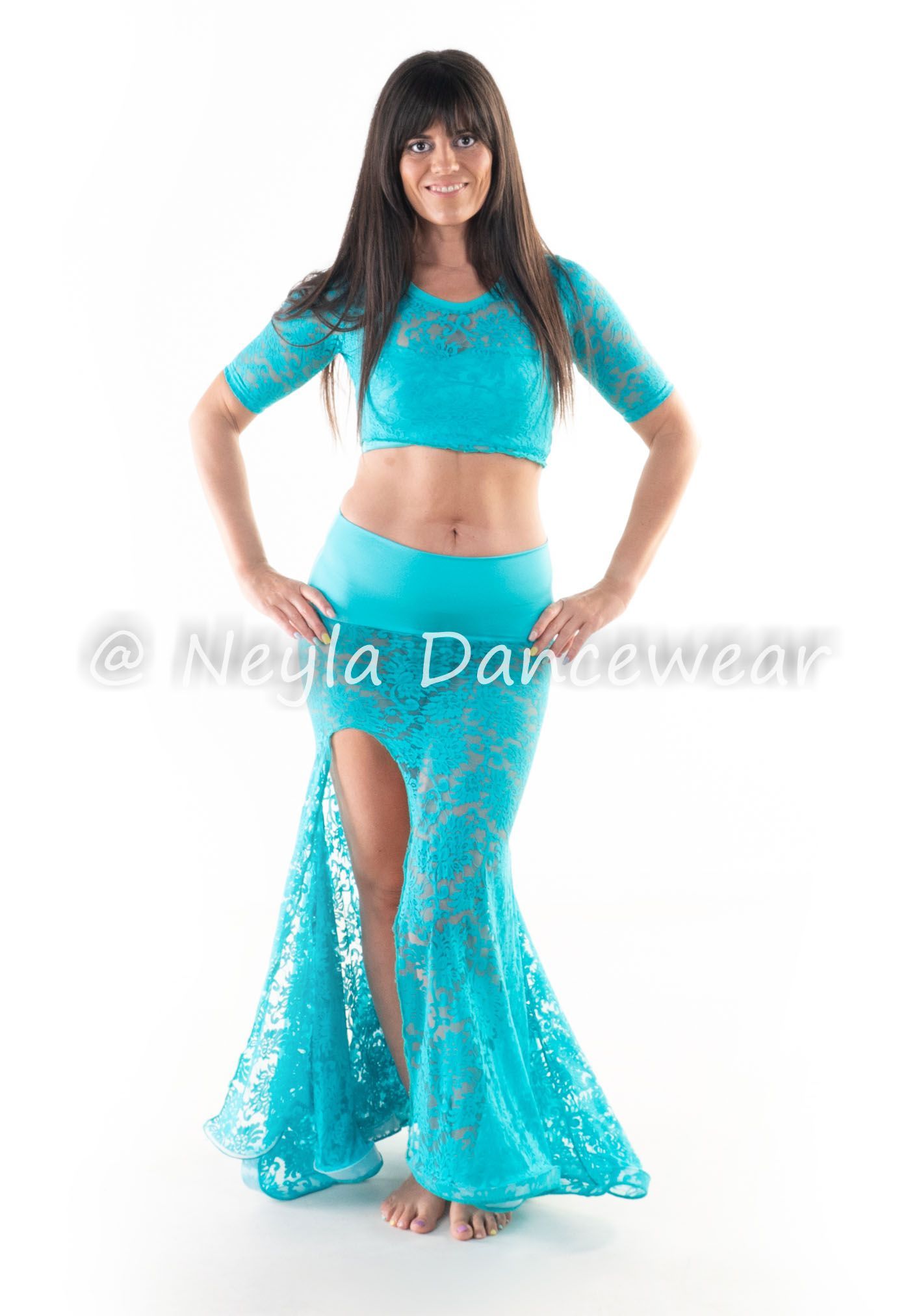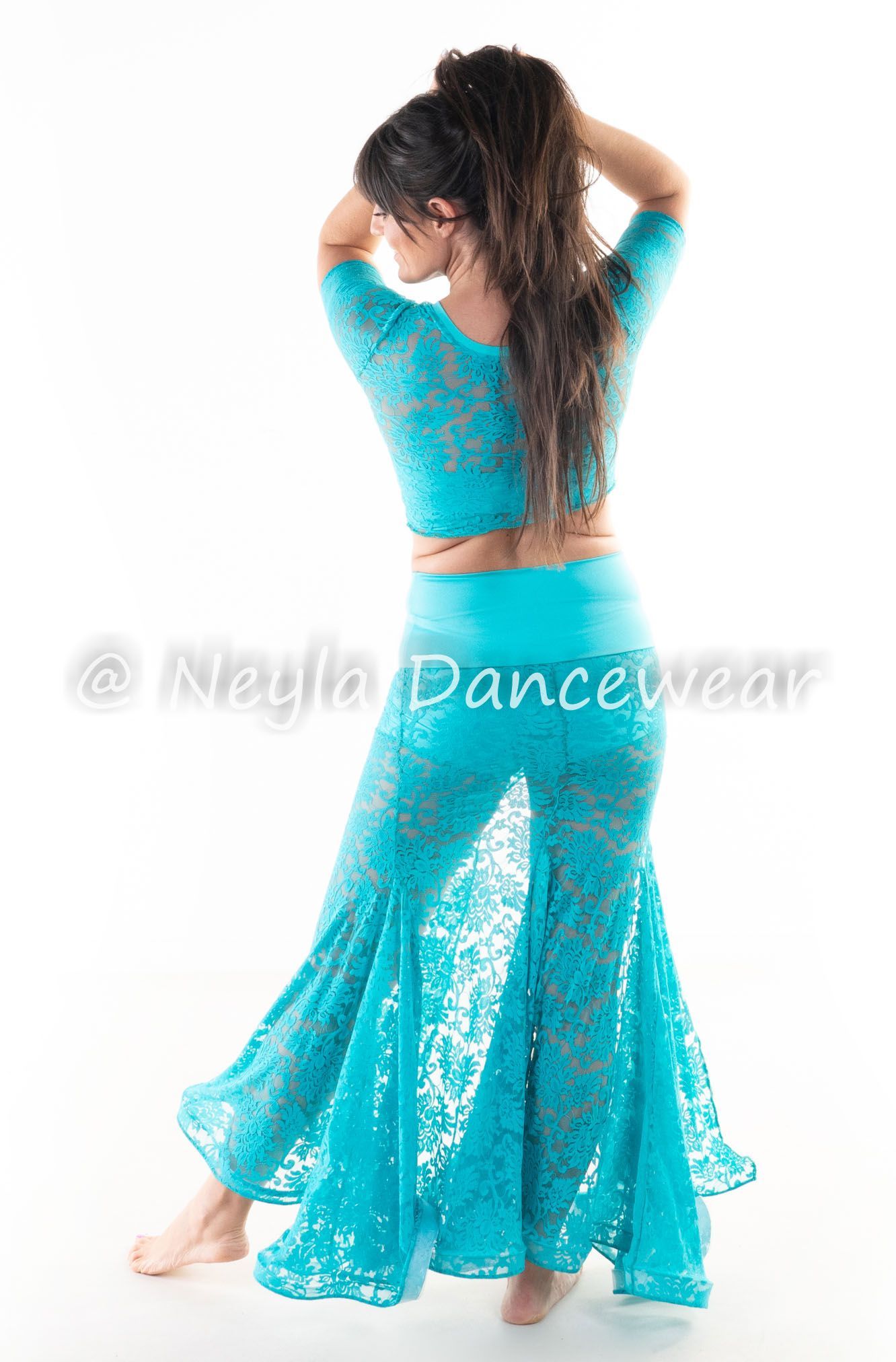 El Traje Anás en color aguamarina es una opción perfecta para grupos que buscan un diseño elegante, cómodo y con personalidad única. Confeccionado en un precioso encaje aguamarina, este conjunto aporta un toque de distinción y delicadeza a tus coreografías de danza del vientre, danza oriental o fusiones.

== == ==

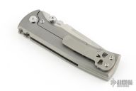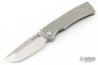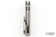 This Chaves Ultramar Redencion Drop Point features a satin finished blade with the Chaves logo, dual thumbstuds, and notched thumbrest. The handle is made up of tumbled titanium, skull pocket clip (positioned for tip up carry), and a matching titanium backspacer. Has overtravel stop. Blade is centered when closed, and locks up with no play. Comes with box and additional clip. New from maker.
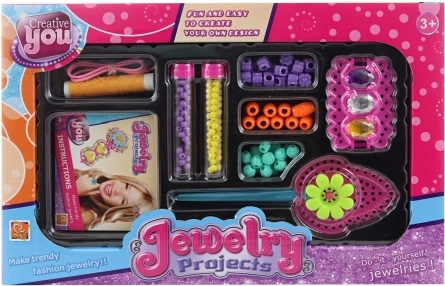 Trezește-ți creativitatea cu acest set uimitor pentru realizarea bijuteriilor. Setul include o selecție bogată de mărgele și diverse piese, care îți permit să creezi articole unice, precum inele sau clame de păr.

== == ==

Task directions -
With the pictures omitted, copy the entries above exactly from the line containing "This Chaves Ultramar" through the line containing "Trezește-ți creativitatea cu", both lines included.

Exercise output -
 This Chaves Ultramar Redencion Drop Point features a satin finished blade with the Chaves logo, dual thumbstuds, and notched thumbrest. The handle is made up of tumbled titanium, skull pocket clip (positioned for tip up carry), and a matching titanium backspacer. Has overtravel stop. Blade is centered when closed, and locks up with no play. Comes with box and additional clip. New from maker.
 Trezește-ți creativitatea cu acest set uimitor pentru realizarea bijuteriilor. Setul include o selecție bogată de mărgele și diverse piese, care îți permit să creezi articole unice, precum inele sau clame de păr.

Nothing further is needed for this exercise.